Re: st: Correctly setting FPC in svyset

From   Steven Samuels <>
Subject   Re: st: Correctly setting FPC in svyset
Date   Wed, 9 Feb 2011 08:55:38 -0500

The finite population correction is not appropriate here. The theory for it applies only for the sampling fraction set by the design: e.g.. if you'd had a population of 1,000 and selected 500 at random. In contrast, you tried to do a census and select 100%. The schools that responded are not a random sample of the total.

Your problem is how to deal with the large bias due to non-response. For some partial remedies, consult the sections on non-response in a good sampling text. I suggest especially Lohr, Sampling Design and Analysis, Duxbury, 1999 or 2010 and Groves et al. 'Survey Methodology", Wiley, 2010. Both contain further references.

In my experience, trying to do a census is almost always a mistake. You would have had better information (smaller mean square error) from a designed sample of 50 to 200 schools with methods intended to minimize non-response. We've needed such methods even in business surveys where participation was required by law. If it were my study, I would contact a sample of the non-responders, and I suggest that you do that if possible.

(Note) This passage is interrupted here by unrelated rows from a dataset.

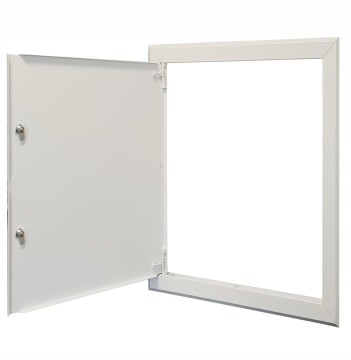 Drzwiczki rewizyjne na podwójnym zamku , zamykane na klucz – idealne do zakrywania otworów rewizyjnych w instalacjach budowlanych.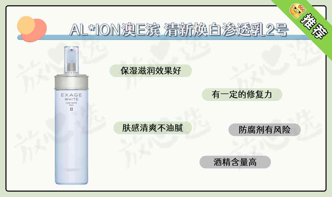 主打焕白的渗透乳,击退肌肤黑色素沉淀,让皮肤散发自然光泽感。2号适合混合至中性肌肤。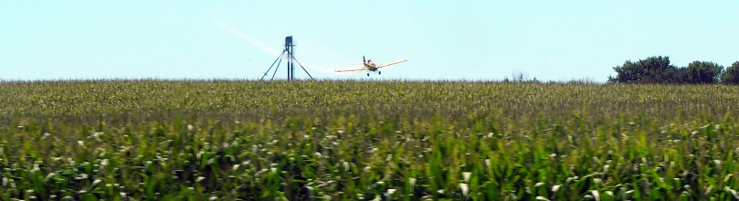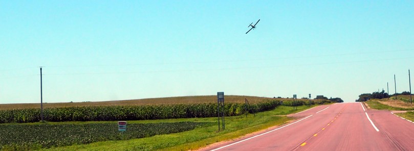 Bis es uns aus dem fahrenden Auto heraus klar wird, das sind fliegende „Pestizidspritzen“, die über ganz bestimmten Flächen ihren „Pflanzenschutz“-Nebel aus vielleicht fünf Metern Höhe aus ihren an der Unterseite der Maschinen angebrachten „Lanzen“, mit vielen Düsen versehen, ablassen.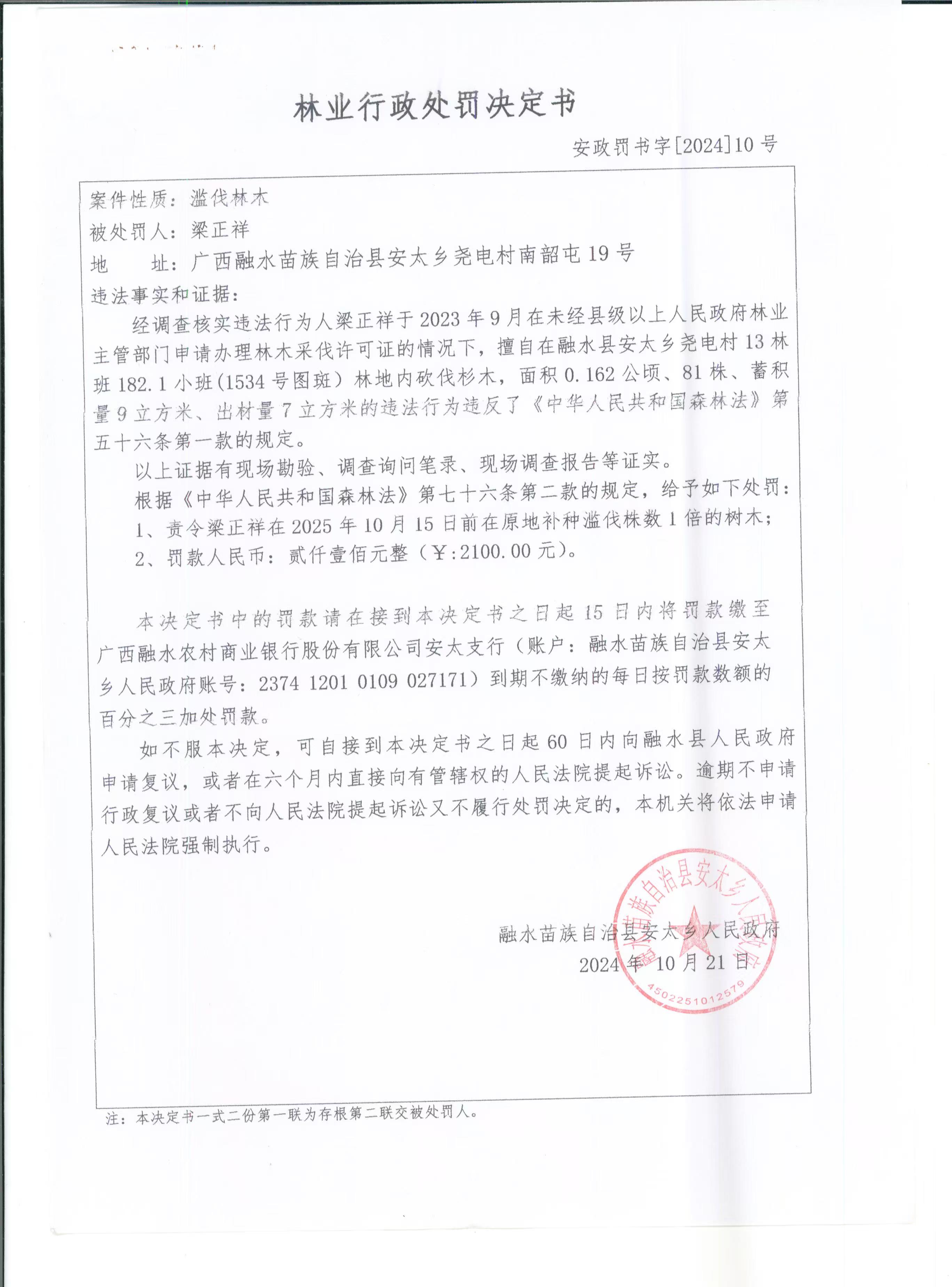 林业行政处罚决定书 :梁正祥(安政罚书字[2024]10号)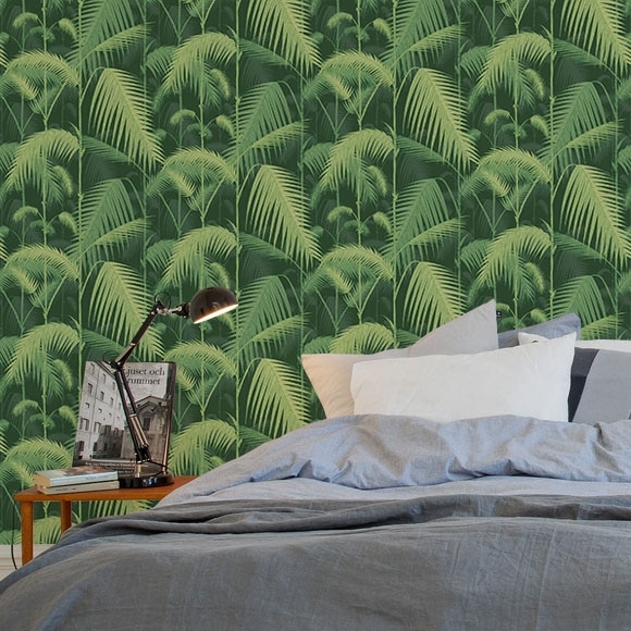 On aime le rapport entre le motif très présent et les huisseries et soubassements en uni foncé. Papier peint intissé Palm Jungle, rouleau de 0,52 x 10 m, 132 €. The Contemporary Collection Cole & Son distribué en France par Au Fil des Couleurs.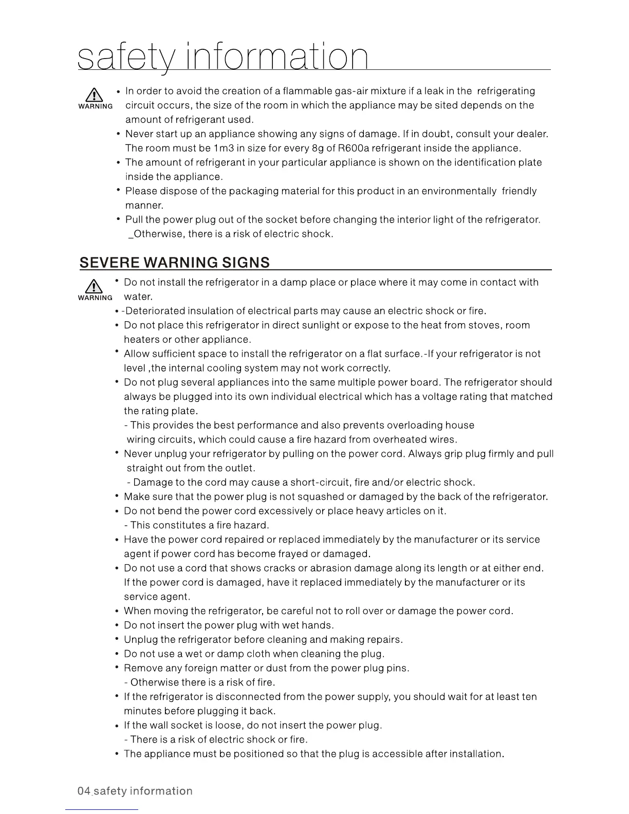 Samsung RL34ECSW - Severe Warning Signs and Precautions; Installation Environment and Electrical Safety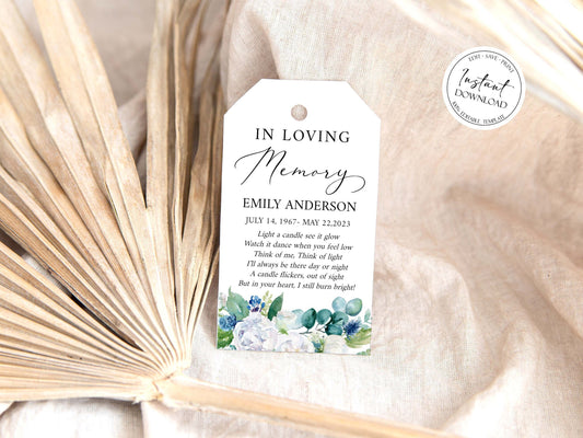 In Loving Memory White Blue Floral Funeral Favor Tag Template B1

On Feb 9, 2011, at 6:44 AM, R G wrote:


I'm analyzing a census I've done of schools, no stratification or clustering.
Response rate is around 50%. I need to set the FPC (finite population
correction) in svyset and I'm not sure the appropriate number to use. I know some argue that there's no need to set the FPC, but in my case the issues I'm surveying on there is a strong case for considering a finite population, and not
a superpopulation.

According to Stata help:

fpc(varname) requests a finite population correction for the variance
estimates.  If varname has values less than or
equal to 1, it is interpreted as a stratum sampling rate f_h = n_h/N_h,
where n_h = number of units sampled from
stratum h and N_h = total number of units in the population belonging to
stratum h.  If varname has values greater
than or equal to n_h, it is interpreted as containing N_h. It is an
error for varname to have values between 1
and n_h or to have a mixture of sampling rates and stratus sizes.

The UCLA page also states that:
Stata will calculate the actual fpc for us; we just need to  specify the
population total.

If there are a total of 1000 schools, with 500 responses, am I correct in
interpreting that I should set the fpc=1000?

Just need to confirm this, as I'm relatively new at Stata's svy commands.